LA CATTEDRALE DI MONREALE





Il sacro tempio, che il re cristiano Guglielmo II di Sicilia eresse per glorificare Dio, dedicato alla Madonna.

di  NATALE  SABELLA

Saggio pubblicato in concomitanza della solenne celebrazione dell’immacolata Concezione della Beata Vergine Maria, 8 dicembre 2018

E’ diffuso e condiviso convincimento affermare, senza incertezza alcuna, che la Cattedrale di Monreale, <<chiesa fra le più importanti del medioevo>>, conosciuta nel mondo per l’eccezionale valore storico – artistico - religioso, conserva in sé, un mosaico d’emozioni “visive e tattili”.

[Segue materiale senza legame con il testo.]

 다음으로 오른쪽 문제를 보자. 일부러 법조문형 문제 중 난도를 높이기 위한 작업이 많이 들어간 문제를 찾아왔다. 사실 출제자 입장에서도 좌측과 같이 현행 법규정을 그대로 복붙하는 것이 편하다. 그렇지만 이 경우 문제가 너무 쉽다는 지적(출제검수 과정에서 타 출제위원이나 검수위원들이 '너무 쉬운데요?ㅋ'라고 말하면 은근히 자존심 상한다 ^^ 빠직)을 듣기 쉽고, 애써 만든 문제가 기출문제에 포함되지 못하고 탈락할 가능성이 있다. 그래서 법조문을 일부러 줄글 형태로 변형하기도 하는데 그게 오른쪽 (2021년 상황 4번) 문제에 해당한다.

Il visitatore, varcata la soglia d’ingresso si trova immerso in uno scenario eccezionale, prodotto dall’armonia insita nell’architettura chiesastica unita alla straordinaria bellezza delle immagini musive che ricoprono per intero le pareti della basilica.

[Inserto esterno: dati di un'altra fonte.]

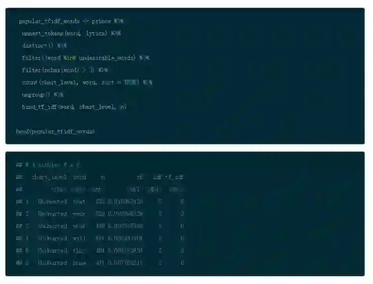 现在如你所见,对于最最常见的单词,IDF and TF-IDF 都是 0.(更科学地说,IDF 的表现形式是自然对数 ln(1),所以那些词汇的 IDF 以及 TF-IDF 的值是 0.)把你的结果作为参数传递给 arrange() 然后以降序的方式展示 tf-idf。通过增加这些步骤,你会以一种不同的视角观察 Prince 的歌词。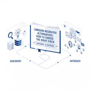A Head of Talent guide to LinkedIn Recruiter alternatives using a discovery vs outreach framework, with a diagnostic table, weighted checklist, and copy/paste outreach templates focused on placement speed and candidate experience.

Ricordi che restano indelebili per sempre oltre il tempo e la memoria nell’animo e nello spirito per le emozioni provate.

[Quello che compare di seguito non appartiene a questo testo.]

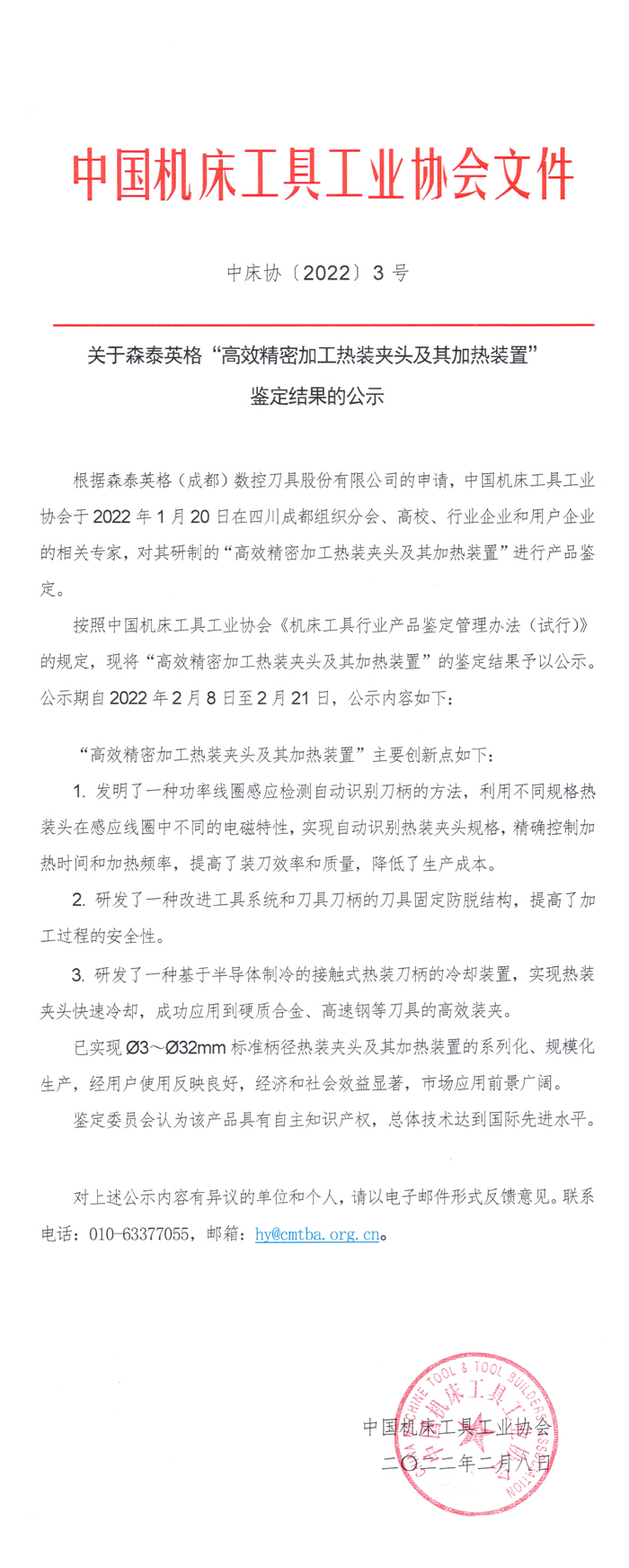 關于森泰英格“高效精密加工熱裝夾頭及其加熱裝置”鑒定結果的公示

La sensazione è di rimanere coinvolti dal linguaggio universale della bellezza, dell’unicità e della diversità composita combinata da quel dolce e silente sentire che la bellezza del Duomo sprigiona unitamente agli aspetti della Fede che avvicinano lo spirito umano al trascendentale.
La basilica di Guglielmo, pertanto è la sintesi “ideale, religiosa, spirituale, politica”, il meglio di quanto è stato compiuto da Guglielmo II nell’ultimo quarto del secolo XII in Sicilia. Una fondazione regia, che non trova eguale in nessun’altra parte d’Europa: imponente, maestosa, solenne, magnificamente superba all’esterno, costruita di sana pianta su un luogo privilegiato, unico, ritenuto idoneo ad accogliere la basilica, con l’intento di glorificare il Creatore, il Cristo, il Messia Risorto, e ricordare nei secoli Guglielmo.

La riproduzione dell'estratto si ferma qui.